TIM: Yes, absolutely.

SHELDRAKE: Strauss also believed, and the neocons believe, that American society was/is tiered intellectually. We’re back to The Republic, right, with the Gold, Silver and Bronze men. And the bronze men, the lowest order, get the myths to motivate them, because they don’t have the mental equipment or training to effectively deal with the real situation. They’d rather watch Perry Mason, or anything, American Idol, The Apprentice, whatever. Only the philosopher kings can manage things with their trained minds. But, “Quis cusotdiet ipsos custodies,” who manages the managers? This was all in the POWER OF NIGHTMARES.

TIM: Yes, that’s it. That documentary blew my mind. That’s some SERIOUS shit there. It’s really important filmmaking.

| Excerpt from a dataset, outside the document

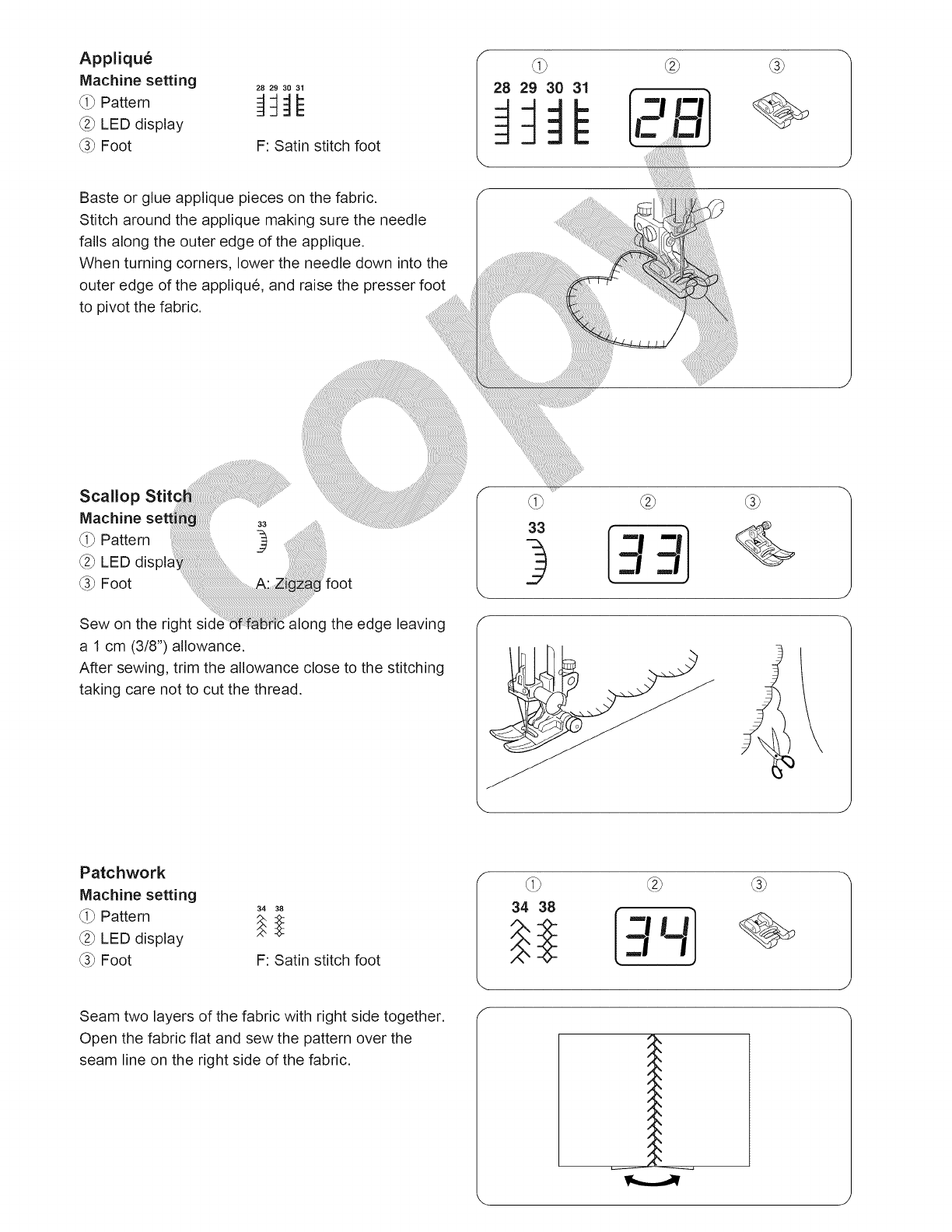 with_ ir opening blocked. Keep ventilation openings of this sewing machine and foot

(Shellie says don’t believe us, read the transcripts yourself:

SHELDRAKE: Now let me tell you what people DON’T like about it. And people I respect. They think it’s beautifully made, beautifully argued, beautifully put together. But they think the whole story is almost TOO well made, the story’s a little too pat. They’re not entirely sure, these professional journalists, that Al Quaeda doesn’t exist, as POWER OF NIGHTMARES argues. Neither am I entirely sure. And this is the question I’ve been dying to ask you today: what do you think about that point?

TIM: (pause, thinking carefully) Well—I’m not sure. I don’t know, for sure. But it makes sense, what that documentary suggests, that what Al Quaeda WAS was a fledgling organization until WE empowered it. And NOW I’m sure it exists, and NOW I’m sure it’s more powerful than ever, beCAUSE they have the most powerful recruiting tool that you could possibly have dreamt of—the war in IRAQ. Now they have a place to go and fight! And a REAL war they can recruit for. London’s interesting though, and it relates to POWER OF NIGHTMARES—the timing of it. You have to look at what the result is—and, what was about to happen? That day, the ensuing two days after that, the West was about to get positive press for relieving debt and for increasing aid to Africa, including countries many countries with enormous Muslim populations

SHELDRAKE: So the technique is, drive it off the front page.

TIM: Well Yes and the deeper technique is, how does a fundamentalist worldview take hold. It can’t take hold in a free and open society. It simply cannot. Just imagine a fundamentalist in the middle of a rock concert. “I see the light! You guys are being decadent!” In the midst of that freedom, that voice is unheard. But once you start regulating things… In a way, I think, what they want to do when they do things like that, they WANT the British government to overreact, to start rounding up young Muslims indiscriminately, so that they can say, “See? This is Western Society! They hate Muslims. They just round them up indiscriminately. Look at Guantanamo Bay. Look at Abu Graib.” Falling into that…

SHELDRAKE: It sets up a whole machinery that has a life of its own, generates a certain kind of press…

TIM: A fundamentalist ideology—CAN take hold—in a fascist state. When Putin overreacts and starts cutting back on Democratic reforms, it’s the worst thing he can do, because its now setting up an environment of oppression for a certain section of the population, and once that oppression starts happening, then those ideologues can come into the vacuum and say, “you see this is not a free society, that’s an illusion” –

SHELDRAKE: Which, by the way, was Leo Strauss’s message, that our perceived freedom was an illusion, very Horkheimer and Adorno, Frankfurt School, if you come at it from the other side, the fear of authoritarianism that Europeans brought here after the war. We live under the Veil of Maya and at night all cows are black.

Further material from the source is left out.